Below are records with pictures in them. Transcribe everything from the line containing "The document presents" down to the line containing "5 defender 110v", exactly, and leave the pictures behind.

DATA IN THIS EXERCISE →
=======

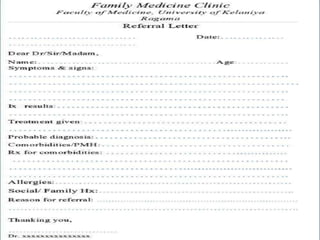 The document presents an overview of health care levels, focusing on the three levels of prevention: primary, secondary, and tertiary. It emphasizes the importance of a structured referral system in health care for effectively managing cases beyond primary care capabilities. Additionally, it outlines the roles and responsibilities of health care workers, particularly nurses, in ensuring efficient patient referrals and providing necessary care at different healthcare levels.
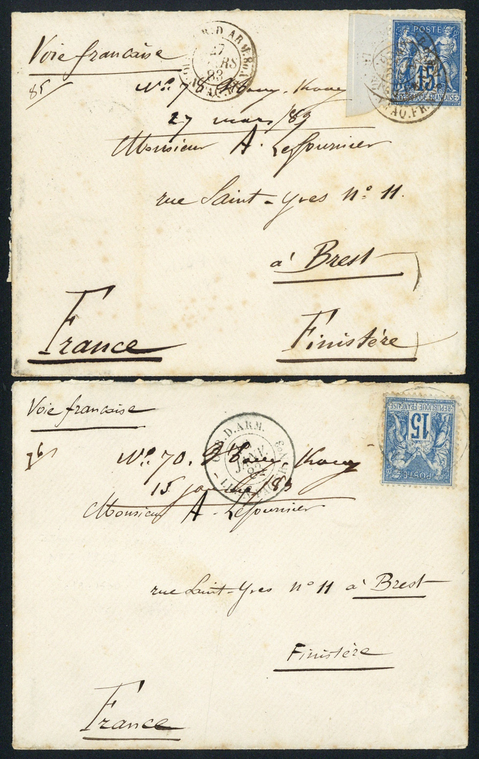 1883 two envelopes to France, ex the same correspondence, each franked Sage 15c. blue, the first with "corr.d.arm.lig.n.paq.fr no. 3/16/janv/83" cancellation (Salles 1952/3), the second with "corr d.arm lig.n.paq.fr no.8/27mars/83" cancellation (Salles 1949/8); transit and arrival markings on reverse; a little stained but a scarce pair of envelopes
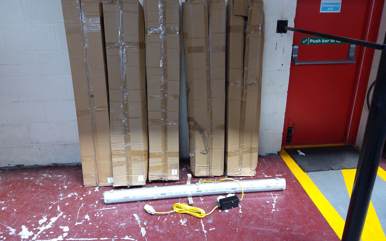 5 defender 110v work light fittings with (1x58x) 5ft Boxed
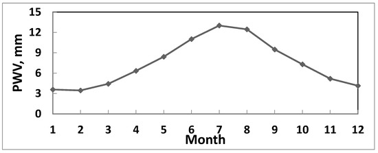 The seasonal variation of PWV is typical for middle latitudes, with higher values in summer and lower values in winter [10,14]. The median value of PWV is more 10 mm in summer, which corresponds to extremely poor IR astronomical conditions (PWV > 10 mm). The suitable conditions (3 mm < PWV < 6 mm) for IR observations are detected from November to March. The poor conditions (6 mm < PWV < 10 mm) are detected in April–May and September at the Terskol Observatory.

=======

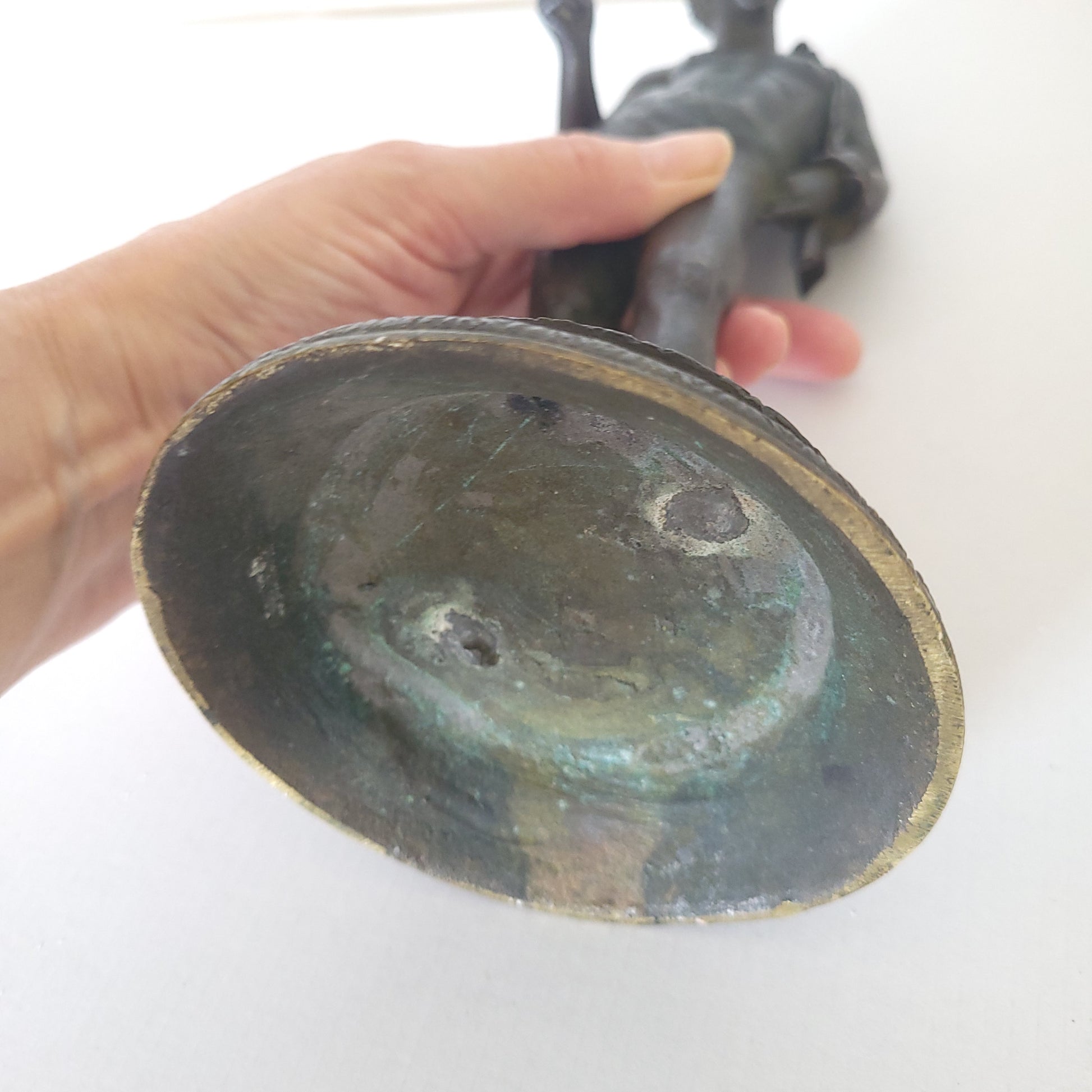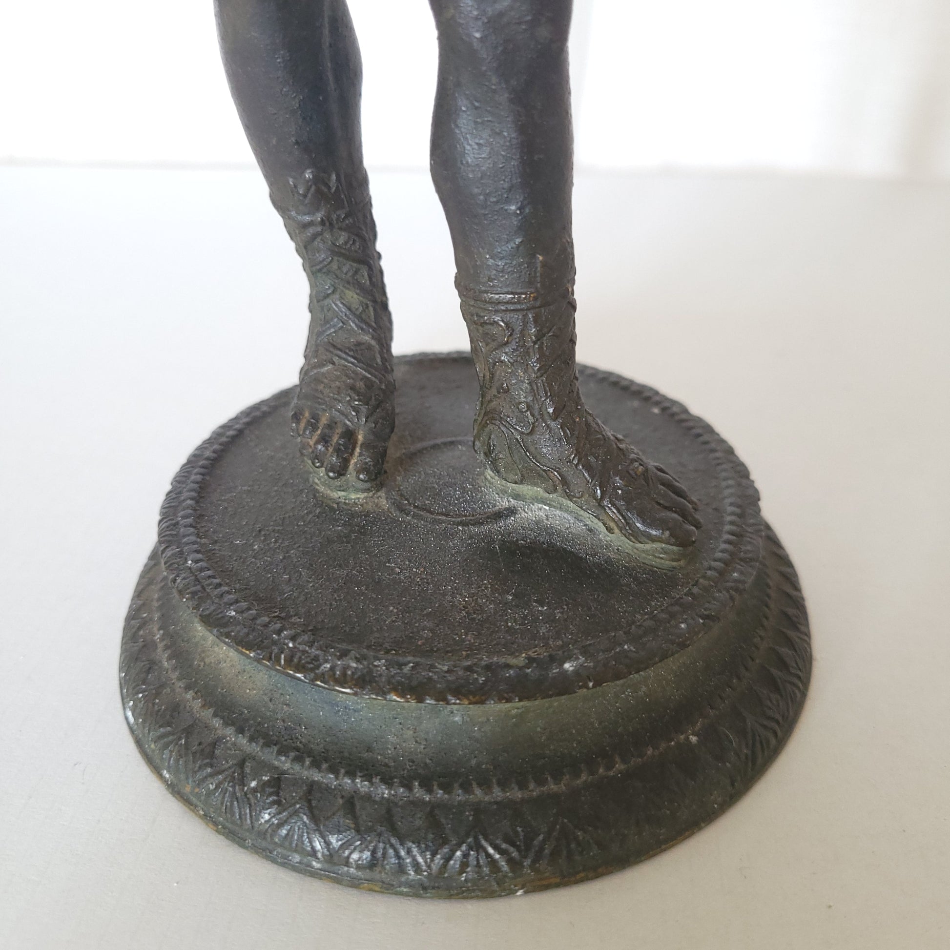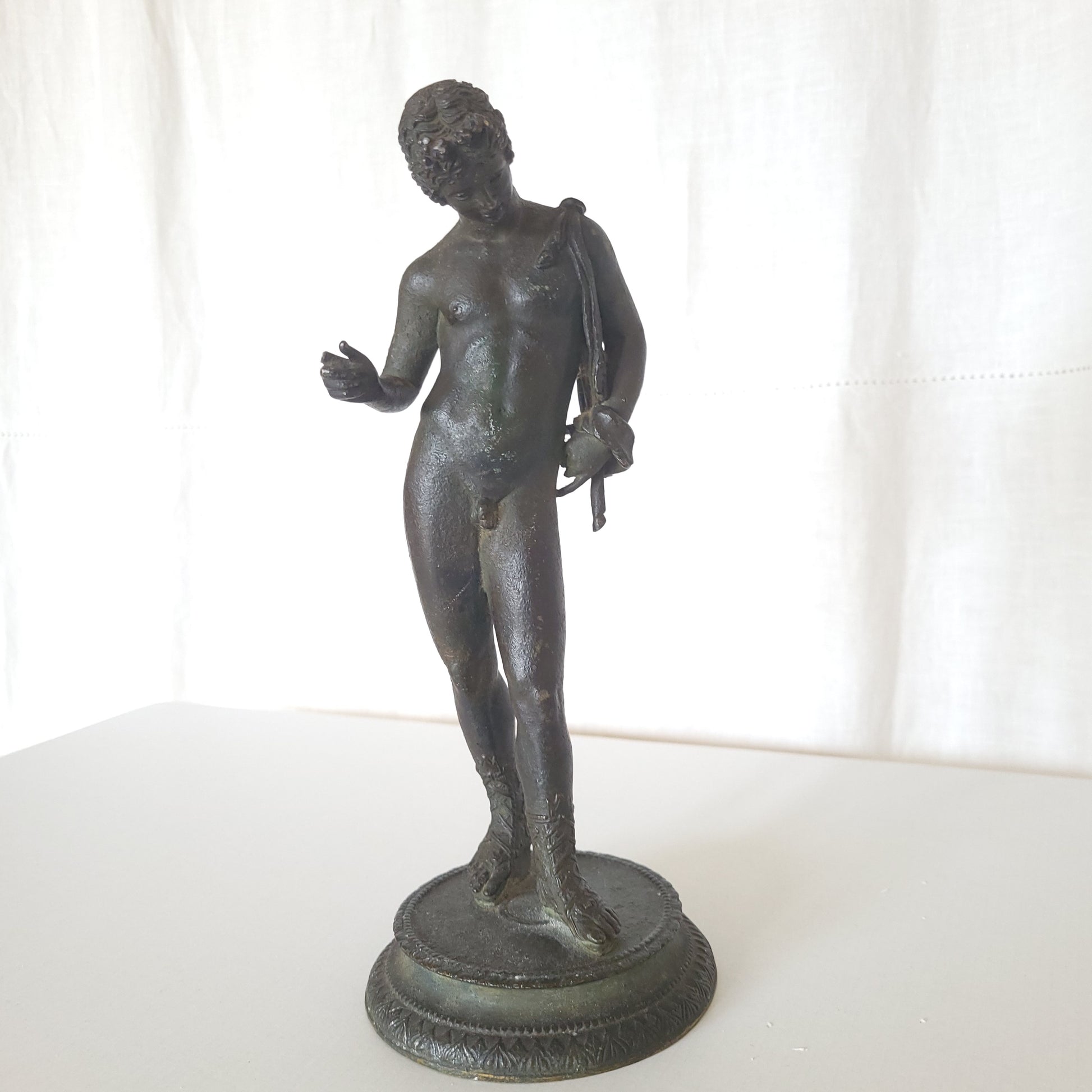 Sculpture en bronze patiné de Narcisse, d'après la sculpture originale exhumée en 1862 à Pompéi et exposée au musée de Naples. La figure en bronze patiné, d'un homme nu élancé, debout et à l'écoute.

=======

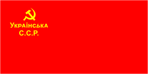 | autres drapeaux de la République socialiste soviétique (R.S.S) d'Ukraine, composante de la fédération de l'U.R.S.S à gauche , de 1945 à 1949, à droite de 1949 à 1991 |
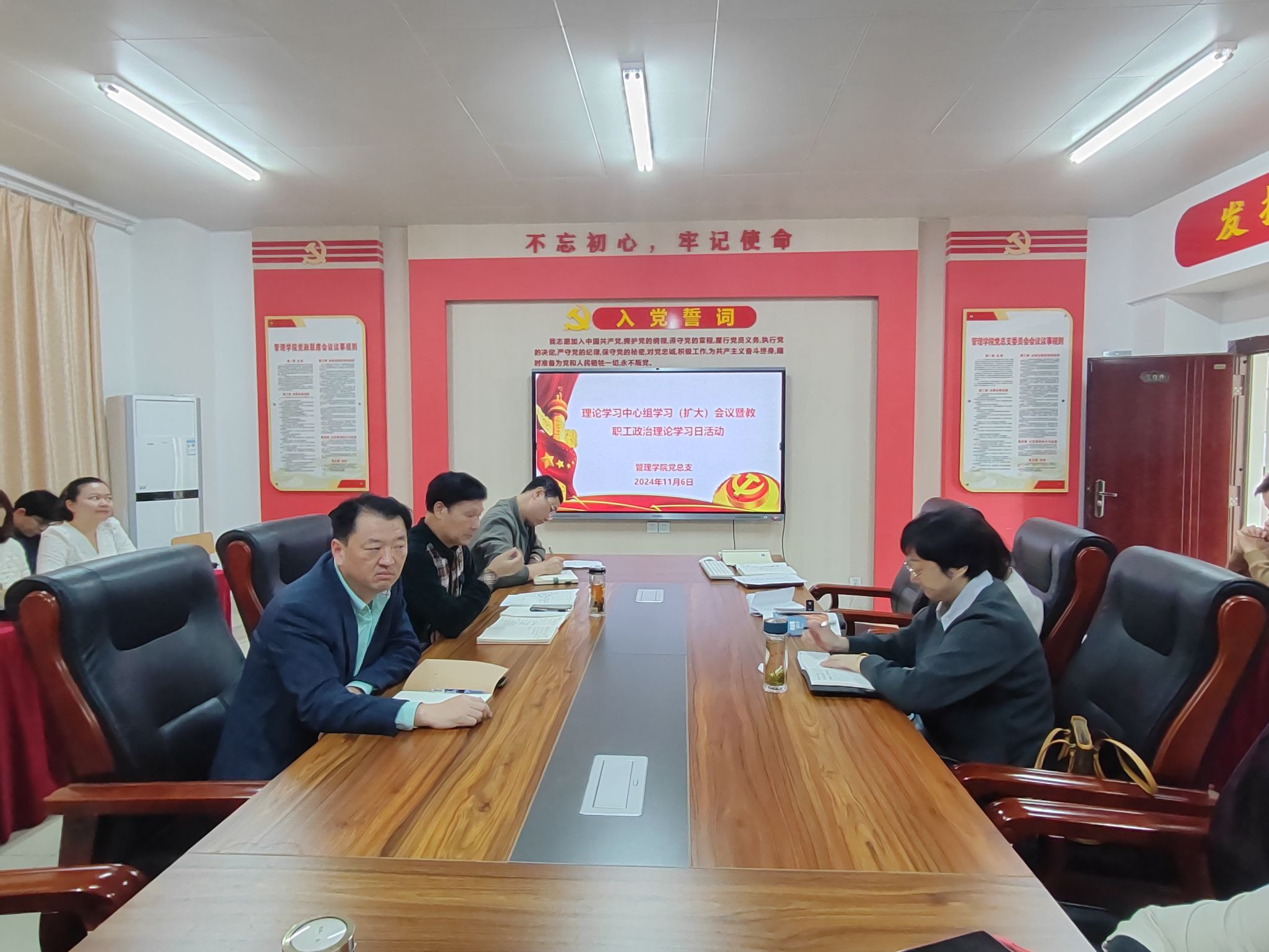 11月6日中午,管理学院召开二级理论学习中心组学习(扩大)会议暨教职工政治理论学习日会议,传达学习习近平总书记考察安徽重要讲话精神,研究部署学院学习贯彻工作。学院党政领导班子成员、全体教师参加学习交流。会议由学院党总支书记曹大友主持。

=======

ANSWER SPACE →
 The document presents an overview of health care levels, focusing on the three levels of prevention: primary, secondary, and tertiary. It emphasizes the importance of a structured referral system in health care for effectively managing cases beyond primary care capabilities. Additionally, it outlines the roles and responsibilities of health care workers, particularly nurses, in ensuring efficient patient referrals and providing necessary care at different healthcare levels.
 1883 two envelopes to France, ex the same correspondence, each franked Sage 15c. blue, the first with "corr.d.arm.lig.n.paq.fr no. 3/16/janv/83" cancellation (Salles 1952/3), the second with "corr d.arm lig.n.paq.fr no.8/27mars/83" cancellation (Salles 1949/8); transit and arrival markings on reverse; a little stained but a scarce pair of envelopes
 5 defender 110v work light fittings with (1x58x) 5ft Boxed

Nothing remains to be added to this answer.